Kraft Heinz saw net sales decline in the final quarter of the year as a drop in sales volumes outstripped price rises in the period.
Net sales in the three months to 31 December fell 7.1% to €6.9bn, largely driven by a 6.1% impact from the inclusion of a 53rd trading week in the prior year.
Organic net sales declined by 0.7% despite a 3.7% increase in pricing as volume/mix declined by 4.4%.
Kraft Heinz said volume driven by elasticity impacts from pricing actions and industry headwinds, particularly the reduction of SNAP (Supplemental Nutrition Assistance Program) benefits in the US.
Net income declined 14.6% versus the year-ago period to $757m, primarily driven by non-cash charges related to the $162m settlement of a UK defined benefit pension plan in the current year period, lower adjusted EBITDA versus the prior year period, and unrealised losses on commodity hedges in the current year period.

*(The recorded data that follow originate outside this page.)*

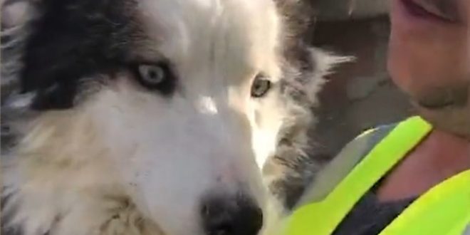 Posteriormente aparecen los rescatistas abrazando al perro, quien se ve alerta y con buena salud mientras bebe agua.
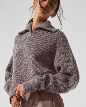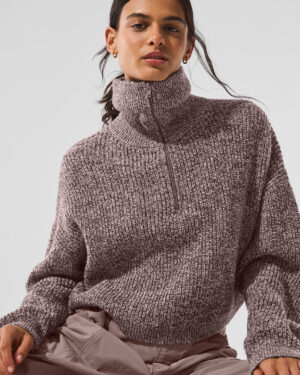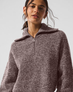 Marl Sweater 1/4 Zip Pullover – Mushroom Marl
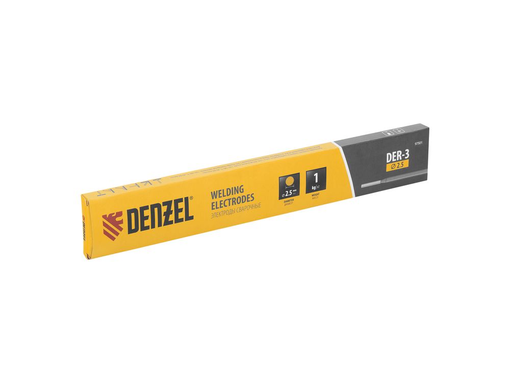 Электроды Denzel 97501 марки DER-3, диаметром 2,5 мм, с рутиловым покрытием синего цвета, 1 кг в упаковке, предназначены для ручной дуговой сварки деталей из углеродистых и низколегированных конструкционных сталей при максимальном токе 140 А. Позволяют получать соединения, устойчивые к вибрациям и воздействию агрессивных сред. Толщина обмазки выше, чем у аналогичных электродов других торговых марок, что обеспечивает высокое качество шва. Электроды используются в нефтегазовой промышленности, судо- и машиностроении, для проведения ремонтных работ, в том числе с резервуарами под давлением. Пригодятся также в быту.

Gross profit margin increased 180 basis points to 33.8%, but a 5.3% decline in adjusted EBITDA was driven by the impact of the previous year’s 53rd week, higher supply chain costs, investment in market and R&D, commodity costs and unfavourable volume/mix.
For the full 2023 financial year, net sales increased 0.6% to $26.6bn, including a negative 1.8 percentage point impact from a 53rd week.
Net income increased 20.2% to $2.8bn, driven by higher adjusted EBITDA versus the prior year period and lower non-cash impairment losses.
“I’m proud of the results we delivered in 2023 and the progress we’ve made as a company throughout the year,” said Kraft Heinz CEO Carlos Abrams-Rivera.
“We delivered net sales growth across each of our key pillars: global foodservice, emerging markets, and US retail grow platforms. We laid out action plans early in 2023 to drive market share and volume improvement – and they worked. We also executed well against our efficiency programme, unlocking and powering it in large part with our tech-enabled methodology.
“In the fourth quarter, the industry faced headwinds that were driven by ongoing consumer pressure. Looking ahead, we expect some of these pressures to dissipate, particularly as the reduction in SNAP benefits is lapped.
“For 2024, we expect continued growth for Kraft Heinz. We’ll keep a strong focus on execution against our strategy, supported by investments we’re making in our brands and our people. We’re confident we have the right strategy in place to deliver profitable growth and create value for our stockholders.”
Bernstein analysts said the “mixed bag” of results were not too far from consensus estimates and its 2024 outlook was in line with expectations.
“Overall, it seems that Q1 24 will remain under pressure, but performance could improve thereafter as we lap the step up in SNAP spending from last year. Guidance seems appropriately conservative, given all the uncertainty over the pricing and volume outlook.”